● **Task description**
Please write each record out again word for word.

● **Given records**

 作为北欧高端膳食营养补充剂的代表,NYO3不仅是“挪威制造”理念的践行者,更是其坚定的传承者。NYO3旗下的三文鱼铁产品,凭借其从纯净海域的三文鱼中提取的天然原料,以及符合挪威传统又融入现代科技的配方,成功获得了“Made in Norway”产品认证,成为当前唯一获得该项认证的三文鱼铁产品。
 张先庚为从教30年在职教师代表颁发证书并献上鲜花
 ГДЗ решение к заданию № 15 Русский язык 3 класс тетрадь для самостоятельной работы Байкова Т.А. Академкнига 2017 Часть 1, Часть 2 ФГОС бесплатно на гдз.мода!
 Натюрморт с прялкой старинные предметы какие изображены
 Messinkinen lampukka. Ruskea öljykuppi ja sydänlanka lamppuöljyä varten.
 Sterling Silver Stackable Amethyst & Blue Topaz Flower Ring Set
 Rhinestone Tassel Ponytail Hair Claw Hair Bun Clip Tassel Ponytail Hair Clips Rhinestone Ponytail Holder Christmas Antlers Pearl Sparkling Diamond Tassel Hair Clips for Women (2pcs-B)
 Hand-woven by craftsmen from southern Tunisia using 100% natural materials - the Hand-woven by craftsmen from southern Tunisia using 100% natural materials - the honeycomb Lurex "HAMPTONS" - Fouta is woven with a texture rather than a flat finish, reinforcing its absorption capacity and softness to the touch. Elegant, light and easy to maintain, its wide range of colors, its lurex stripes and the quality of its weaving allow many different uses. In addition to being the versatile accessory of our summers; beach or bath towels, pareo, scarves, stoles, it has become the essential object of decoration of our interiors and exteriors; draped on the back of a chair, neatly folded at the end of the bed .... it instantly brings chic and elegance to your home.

● **Answer area**
 作为北欧高端膳食营养补充剂的代表,NYO3不仅是“挪威制造”理念的践行者,更是其坚定的传承者。NYO3旗下的三文鱼铁产品,凭借其从纯净海域的三文鱼中提取的天然原料,以及符合挪威传统又融入现代科技的配方,成功获得了“Made in Norway”产品认证,成为当前唯一获得该项认证的三文鱼铁产品。
 张先庚为从教30年在职教师代表颁发证书并献上鲜花
 ГДЗ решение к заданию № 15 Русский язык 3 класс тетрадь для самостоятельной работы Байкова Т.А. Академкнига 2017 Часть 1, Часть 2 ФГОС бесплатно на гдз.мода!
 Натюрморт с прялкой старинные предметы какие изображены
 Messinkinen lampukka. Ruskea öljykuppi ja sydänlanka lamppuöljyä varten.
 Sterling Silver Stackable Amethyst & Blue Topaz Flower Ring Set
 Rhinestone Tassel Ponytail Hair Claw Hair Bun Clip Tassel Ponytail Hair Clips Rhinestone Ponytail Holder Christmas Antlers Pearl Sparkling Diamond Tassel Hair Clips for Women (2pcs-B)
 Hand-woven by craftsmen from southern Tunisia using 100% natural materials - the Hand-woven by craftsmen from southern Tunisia using 100% natural materials - the honeycomb Lurex "HAMPTONS" - Fouta is woven with a texture rather than a flat finish, reinforcing its absorption capacity and softness to the touch. Elegant, light and easy to maintain, its wide range of colors, its lurex stripes and the quality of its weaving allow many different uses. In addition to being the versatile accessory of our summers; beach or bath towels, pareo, scarves, stoles, it has become the essential object of decoration of our interiors and exteriors; draped on the back of a chair, neatly folded at the end of the bed .... it instantly brings chic and elegance to your home.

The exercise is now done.